Sympathetic nervous system
A branch of the autonomic nervous system that controls many of the body’s internal organs. Activity of the SNS generally mobilizes the body’s fight or flight response.
Synchrony
Two people displaying the same behaviors or having the same internal states (typically because of mutual mimicry).
Teamwork
The process by which members of the team combine their knowledge, skills, abilities, and other resources through a coordinated series of actions to produce an outcome.

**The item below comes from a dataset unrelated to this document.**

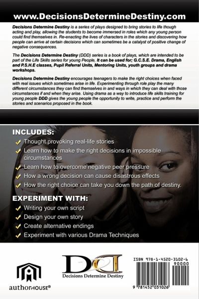 Decisions Determine Destiny is a series of plays designed to bring stories to life though acting and play, allowing the students to become immersed in roles which any young person could find themselves in. Re-enacting the lives of characters in the stories and discovering how people can arrive at certain decisions which can sometimes be a catalyst of positive change of negative consequences. The Decisions Determine Destiny (DDD) series is a book of plays, which are intended to be part of the Life Skills series for young People, It can be used for; G.C.S.E. Drama, English and P.S.H.E classes, Pupil Referral Units, Mentoring Units, youth groups and drama workshops. Decisions Determine Destiny encourages teenagers to make the right choices when faced with real issues which sometimes arise in life. Experimenting through role play the many different circumstances they can find themselves in and ways in which they can deal with those circumstances if and when they arise. Using drama as a way to introduce life skills training for young people DDD gives the young people the opportunity to write, practice and perform the stories and scenarios proposed in the book.
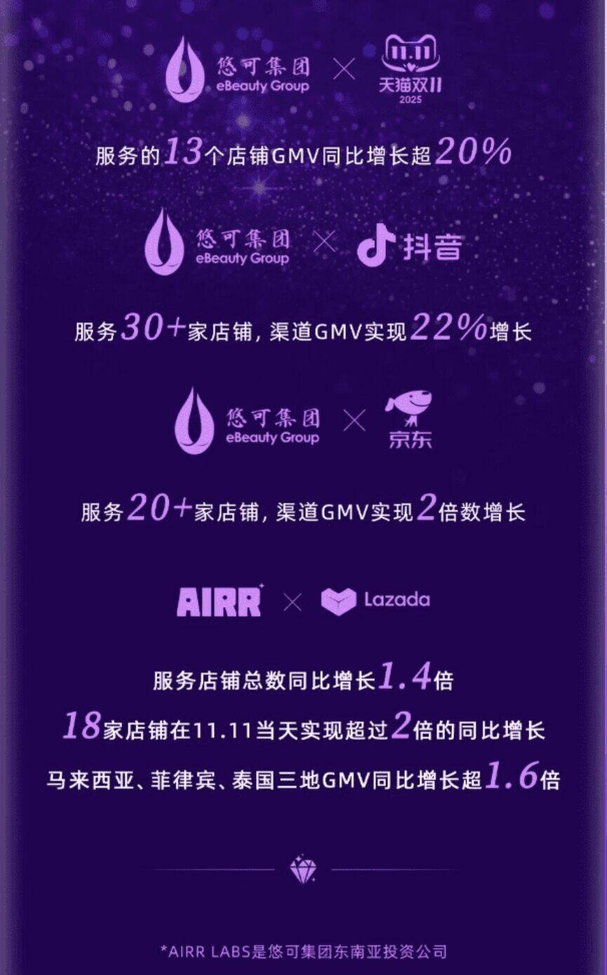11月15日,悠可集团发布2025年双十一战报。2025,悠可集团持续巩固中国与东南亚美妆市场的领先地位,服务触达6个国家20+渠道、150+品牌、300+家店铺,东南亚市场整体GMV同比增长1.6倍。

Temporal parietal junction
The area where the temporal lobes (parallel to the ears) and parieta lobes (at the top of the head toward the back) meet. This area is important in mentalizing and distinguishing between the self and others.
Terror management theory (TMT)
A theory that proposes that humans manage the anxiety that stems from the inevitability of death by embracing frameworks of meaning such as cultural values and beliefs.
The Age 5-to-7 Shift
Cognitive and social changes that occur in the early elementary school years that result in the child’s developing a more purposeful, planful, and goal-directed approach to life, setting the stage for the emergence of the self as a motivated agent.
The “I”
The self as knower, the sense of the self as a subject who encounters (knows, works on) itself (the Me).
The “Me”
The self as known, the sense of the self as the object or target of the I’s knowledge and work.
The norm of reciprocity
The normative pressure to repay, in equitable value, what another person has given to us.
The rule of scarcity
People tend to perceive things as more attractive when their availability is limited, or when they stand to lose the opportunity to acquire them on favorable terms.
The triad of trust
We are most vulnerable to persuasion when the source is perceived as an authority, as honest and likable.
Theory of mind
The human capacity to understand minds, a capacity that is made up of a collection of concepts (e.g., agent, intentionality) and processes (e.g., goal detection, imitation, empathy, perspective taking).
Theory of mind
Emerging around the age of 4, the child’s understanding that other people have minds in which are located desires and beliefs, and that desires and beliefs, thereby, motivate behavior.
Traditional family
Two or more people related by blood, marriage, and—occasionally-- by adoption.
Trigger features
Specific, sometimes minute, aspects of a situation that activate fixed action patterns.
Two-parent family
A family consisting of two parents—typical both of the biological parents-- and their children.
Ultimatum game
An economic game in which a proposer (Player A) can offer a subset of resources to a responder (Player B), who can then either accept or reject the given proposal.
Uninvolved parenting
Parenting that is low in demandingness and low in support.
Universalism
Universalism proposes that there are single objective standards, independent of culture, in basic domains such as learning, reasoning, and emotion that are a part of all human experience.
Upward comparisons
Making mental comparisons to people who are perceived to be superior on the standard of comparison.
Value judgment
An assessment—based on one’s own preferences and priorities—about the basic “goodness” or “badness” of a concept or practice.
Value-free research
Research that is not influenced by the researchers’ own values, morality, or opinions.
Violence
Aggression intended to cause extreme physical harm, such as injury or death.
Visual perspective taking
Can refer to visual perspective taking (perceiving something from another person’s spatial vantage point) or more generally to effortful mental state inference (trying to infer the other person’s thoughts, desires, emotions).
WEIRD cultures
Cultures that are western, educated, industrialized, rich, and democratic.
White coat hypertension
A phenomenon in which patients exhibit elevated blood pressure in the hospital or doctor’s office but not in their everyday lives.
Work and organizational psychology
Preferred name for I/O psychology in Europe.
Working models
An understanding of how relationships operate; viewing oneself as worthy of love and others as trustworthy.